背景：氟西汀是一种抗抑郁药，具有潜在的抗癌作用。但其生物利用度差、代谢快，限制了其治疗效果。纳米技术正在推动医学进步，特别是在开发合适的药物输送系统以改善治疗效果和减少药物副作用方面。目的：合成化学偶联氟西汀-葡聚糖纳米颗粒（FLX-DEX NPs），改善其在血浆和脑内的药动学特征，从而提高其抗胶质瘤和乳腺癌的抗抑郁和抗癌活性。除此之外，它还旨在通过将有效载荷传递给病理细胞来减少药物的副作用。方法：将氟西汀与醛官能化葡聚糖偶联，使其纳米颗粒在pH刺激下释放。采用动态光散射（DLS）、原子力显微镜（AFM）、紫外（UV）、红外光谱（FTIR）和1HNMR进行了光谱和形态表征。采用热重分析（TGA）和差示扫描量热法（DSC）评价氟西汀-葡聚糖纳米颗粒的热稳定性和相变。采用非室室模型比较FLX及其纳米颗粒在Sprague-Dawley大鼠血浆及各部位的药动学。此外，通过多种动物模型，测定了MCF-7乳腺癌和U87胶质瘤细胞系的体外安全性、细胞毒活性和抗抑郁作用。在服用FLX及其NPs两周后，监测大脑中多巴胺和血清素的水平。结果：纳米颗粒呈圆形至微椭圆形，粒径小于50 nm，电荷为-15 ~ 20 mV。根据热分析，这些纳米颗粒对药物更稳定。颗粒表现出控制和pH刺激释放。口服30 mg/ kg/d时Cmax、Tmax、t1/2、分布体积和血浆消除值分别为5.23、2、15 h、1.94和0.045。在10 mg/kg/天的剂量下，它们对MCF-7和胶质瘤的存活率分别达到20%和18%，而不影响其抗抑郁作用。结论：FLX-DEX NPs具有增强抗肿瘤活性和抗抑郁作用的双重疗效。延长的半衰期和控制氟西汀释放改善了药代动力学和治疗效果，表明基于纳米技术的治疗癌症和抑郁症的方法很有前途。

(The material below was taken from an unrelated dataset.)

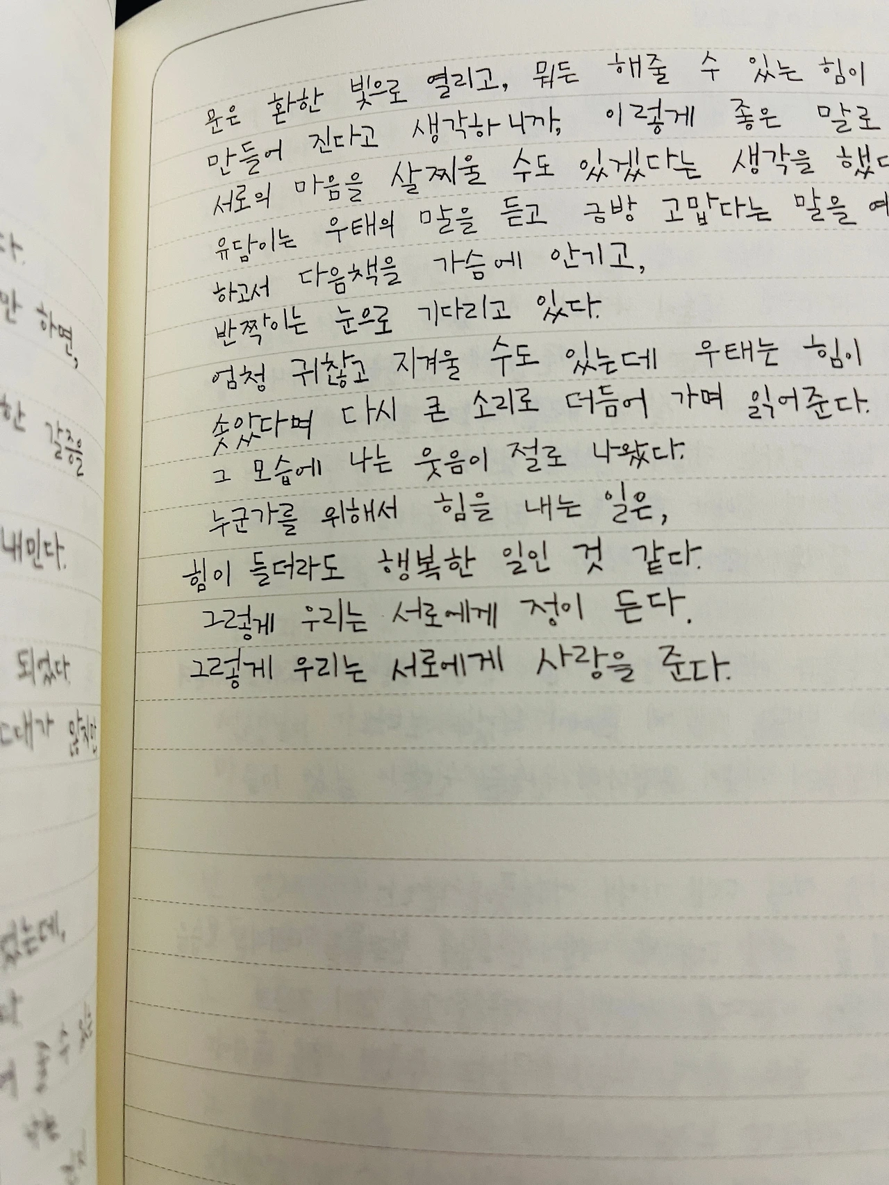 갤러리에 전시된 이수 작가의 그림들을 둘러보았다. 화가로 알고 있던 이수 작가의 모든 그림에는 이수 작가가 적은 그림의 설명들이 함께 적혀 있다. 그림 자체가 주는 울림도 크지만, 이 그림에 관한 이야기를 읽고 나면 그 울림이 배가 된다. 특히 가족과 엄마 대한 이수작가의 마음은 너무 예쁘고 사랑스러워 때때로 눈물이 날 것 같았다. 서툴지만 최선을 다해 사랑을, 그 애틋함을 표현하는 작가님의 마음이 글에 고스란히 느껴져서 그렇게나 한참을 서 있었다. 그리고 이 책은 그 글, 정확히는 이수 작가의 일기를 담은 책이다.

本文章由计算机程序翻译，如有差异，请以英文原文为准。

求助全文

约1分钟内获得全文求助全文

来源期刊

DARU Journal of Pharmaceutical Sciences PHARMACOLOGY & PHARMACY-

自引率

0.00%

发文量

期刊介绍： DARU Journal of Pharmaceutical Sciences is a peer-reviewed journal published on behalf of Tehran University of Medical Sciences. The journal encompasses all fields of the pharmaceutical sciences and presents timely research on all areas of drug conception, design, manufacture, classification and assessment. The term DARU is derived from the Persian name meaning drug or medicine. This journal is a unique platform to improve the knowledge of researchers and scientists by publishing novel articles including basic and clinical investigations from members of the global scientific community in the forms of original articles, systematic or narrative reviews, meta-analyses, letters, and short communications.